Adding a new object to the index
Adding a record to our index is pretty straightforward.
articlesIndex.addObject({
title: 'Your title',
brief: 'Brief',
objectID: 'your_object_id',
authorName: 'article author name'
}, function(err, content) {
if(err) {
console.log(err);
}
});
Deleting an object from the index
If something is deleted on your server, it makes sense to remove it from your Algolia index so that it won't show up in the search anymore.
articlesIndex.deleteObject('myID', function(err) {
if (err) {
console.error(err);
}
});
Partially updating an object in the index
Sometimes you need to update an existing record in Algolia index. For instance, if your article title is updated, you need to update it on Algolia as well.

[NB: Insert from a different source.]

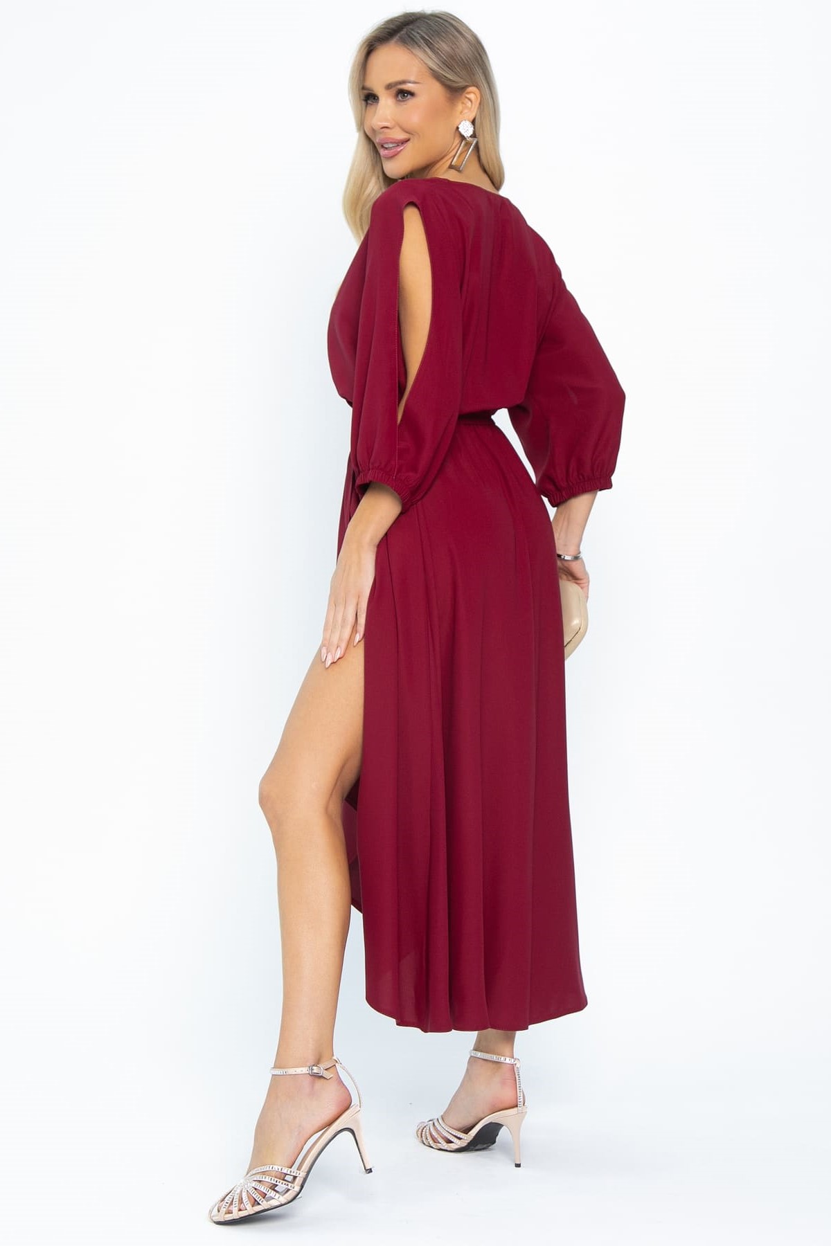 Стильное праздничное платье макси свободного силуэта с акцентными рукавами. Платье вечернее длинное без застёжки легко надевать и снимать. Будет прекрасным решением на торжество, свадьбу для подружек невесты, выпускной, если дополнить его подходящей обувью и аксессуарами. Подойдет для разных типов фигур, скроет нюансы при необходимости. Горловина — лодочка. В комплекте тканевый пояс.

articlesIndex.partialUpdateObject({
title: 'New updated title',
objectID: 'my_id'
}, function(err, content) {
if (err) {
console.error(err);
}
});
Note that you need to pass the objectID
of the record we want to update, as a part of the object argument of the partialUpdateObject
function.
Searching
Use the read key (check your Algolia Dashboard) to perform search on the client side. Here is a snippet that demonstrates how to do it:
function fetchData(val, page) {
return articlesIndex
.search(val, {hitsPerPage: 25, page: page})
.then(function(content) {
// do what you want with the content
console.log(content);
})
.catch(function(err) {
console.error(err);
});
}
Note that until now we were only using a callback API but the above last example is using the Promise API.
The algoliasearch
module supports both of the async APIs.
Asynchronicity
You can call the above function to perform a search on a mySearchBox.addEventListener('input', function() {})
or whenever you want.
But the problem is that the order in which the promises or callbacks will resolve is not sequential.

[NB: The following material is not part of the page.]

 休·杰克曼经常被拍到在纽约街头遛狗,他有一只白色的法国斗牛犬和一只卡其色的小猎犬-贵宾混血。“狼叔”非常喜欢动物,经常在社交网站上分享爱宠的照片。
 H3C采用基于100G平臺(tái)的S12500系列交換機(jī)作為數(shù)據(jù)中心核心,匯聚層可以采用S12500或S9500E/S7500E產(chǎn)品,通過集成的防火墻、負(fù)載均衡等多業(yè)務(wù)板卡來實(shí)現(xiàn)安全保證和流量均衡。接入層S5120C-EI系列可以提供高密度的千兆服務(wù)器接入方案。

Here's an explanation from the Algolia team on building a JavaScript API client:
Indeed the
algoliasearch
module is only a raw API client with some smart request algorithm but it does not force the responses order.Because this might not always what you want, in some situations (web) you might want responses in the right order but in a backend script you don't care. And you do not want to sacrifice performance in a backend script
So if you are calling search on the input event and you searched "javascript" then there might be a small chance that the request with search query "javascr" may be received after the request with search query "javascript".
Here's a demonstration of the issue on the https://hn.algolia.com website (Hacker News search), which is powered by Algolia.

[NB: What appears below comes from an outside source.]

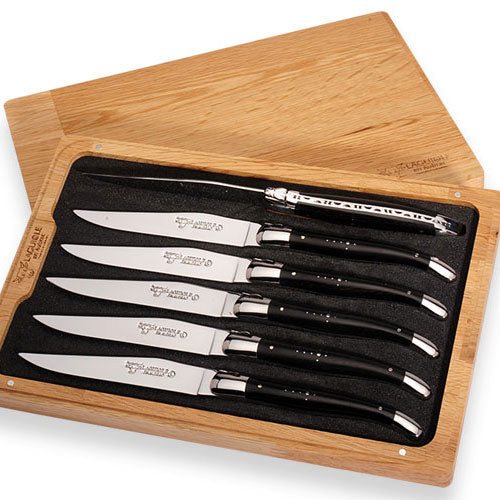 The Laguiole en Aubrac 6-piece set consists of steak knives, all with beautiful Ebony Wood Handles. This 6-piece serving set is supplied in a unique Laguiole en Aubrac presentation box.

To be able to trigger this behavior, we throttled the network to 2G and searched "hashnode". Unfortunately the promise with query "ha" resolved in the end, we notified the Algolia team to solve the issue and it has been fixed in this commit.
To solve this, there's an easy fix. Everytime a new response comes to you, you can check that the response.query === currentQuery
.
If both queries are different then it means the response is not relevant given the current user's search state.
function fetchData(val, page) {
return articlesIndex
.search(val, {hitsPerPage: 25, page: page})
.then(function(content) {
if (content.query !== mySearchBox.value) {
// not the query I am looking for
return;
}
// do what you want with the content
console.log(content);
})
.catch(function(err) {
console.error(err);
});
}
This will ensure that your search queries are always matching the right response so that the user experience is pleasant.
DSN
Last but not the least, Hashnode users are everywhere. So we needed to be fast for all of them, no matter where they are.
Algolia has a feature named Distributed Search Network and are able to replicate our indices in multiple regions of the world:
The major benefit of DSN is, that it brings instant responsiveness of your search engine to all your users around the world. If you are using Algolia or plan to use it, make sure to take advantage of DSN.
Conclusion
This was a quick overview of our story of implementing Algolia along with MongoDB.
As you saw, the process is super simple, APIs are easy to understand and the community support is great. We are amazed by the responsiveness of Algolia and strongly recommend it to anyone who is looking for a powerful and a robust search solution.
By the way, do check out Algolia Community if you haven't already.